We are a commune of inquiring, skeptical, politically centrist, capitalist, anglophile, traditionalist New England Yankee humans, humanoids, and animals with many interests beyond and above politics. Each of us has had a high-school education (or GED), but all had ADD so didn't pay attention very well, especially the dogs. Each one of us does "try my best to be just like I am," and none of us enjoys working for others, including for Maggie, from whom we receive neither a nickel nor a dime. Freedom from nags, cranks, government, do-gooders, control-freaks and idiots is all that we ask for.
There are 20,000 species of Sunflowers. This is one of them. This happy patch sprung up on the edge of our stream, and it is welcome to stay as long as it wants to.

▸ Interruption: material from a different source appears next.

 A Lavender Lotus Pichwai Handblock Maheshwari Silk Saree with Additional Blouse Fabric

BD, you've got some great property. The nature inquiries appear boundless, the flowers you have shared with us magnificent.
Not that it's important to others but I would find that the apparent choices for moments of solitude and reflection are also within your bounds.

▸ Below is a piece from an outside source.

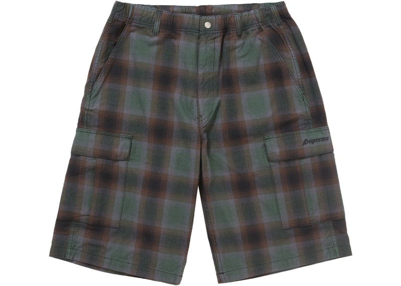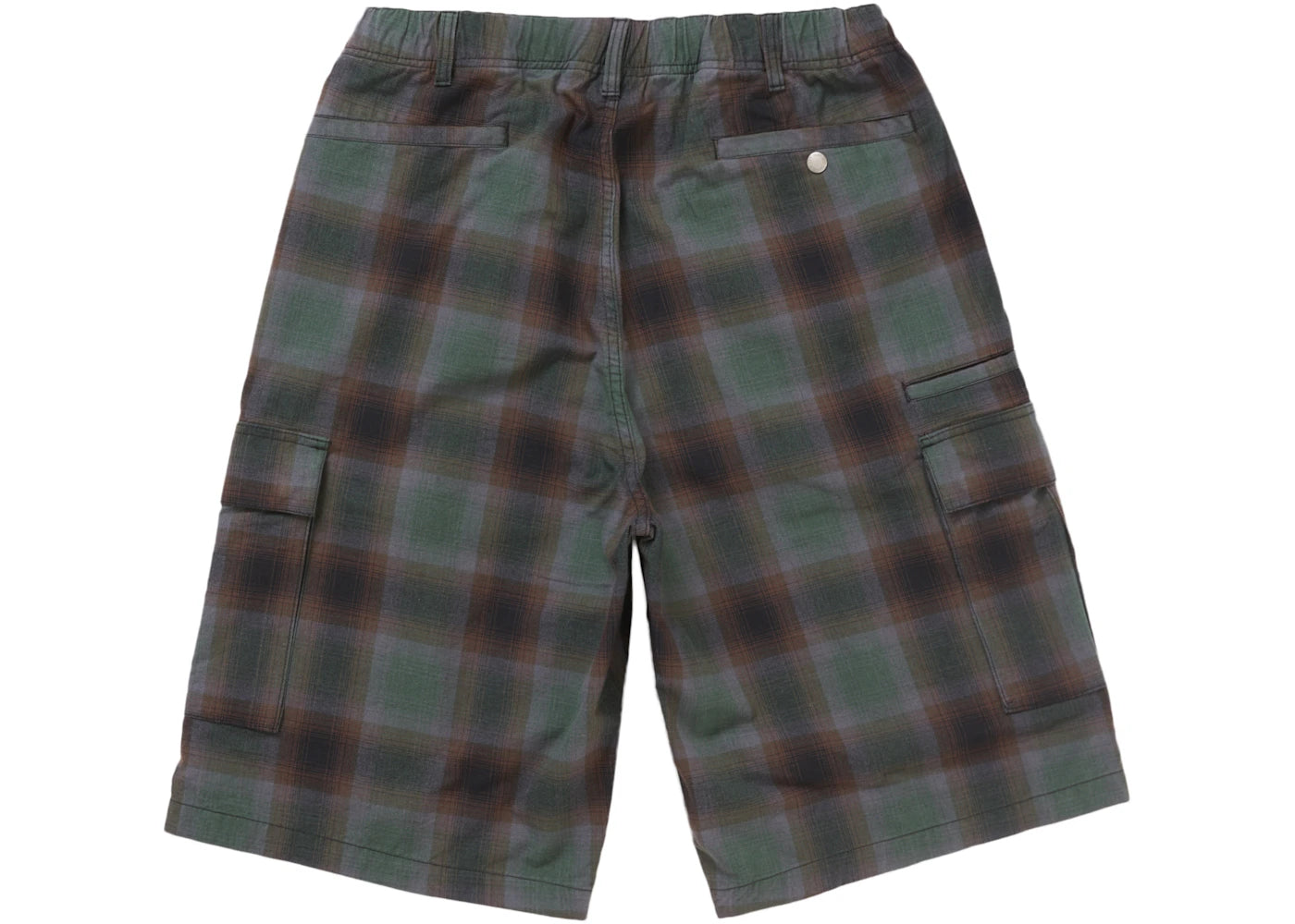 The Supreme Shadow Plaid Cargo Short Green is now available at Side Kicks!

To rest beside a brook and simply be. A great reward..
When I was a child, the appearance of sunflowers along the former Chicago and Northwestern Railroad embankment signaled that summer was moving towards fall...and that meant school would resume soon: a thought that, even when we had real education in the US, depressed me. Those flowers came in several varieties and sizes, not like the giant ones that so many gardens now have. And they grew wonderfully wild in the heart of the city--before landscape architecture condemned everything to form and structure.
I did find a wonderful Mexican variety that has slightly orangish blooms and is in bush form rather than being a single stalk. I also get some sunflowers coming from seeds from the bird feeder than were missed by gluttonous sparrows and manic squirrels.
The patch in your photo looks quite familiar--I have seen them along the Chicago River, which runs through our forest preserves a quarter mile from my home. This forest land comprises a large chunk surrounding the city and mixed into the suburbs. The preserves are left fairly wild and is one of Chicago's unheralded attractions--at 67,000 acres, I believe. The link for the Cook County Forest Preserve District is:
http://www.fpdcc.com/
The Chicago River now is fairly clean--and as rivers go is just more of a large stream left behind from the glaciers. To the west, the DesPlaines River also goes through other sections of forest preserves along with a number of manmade lakes.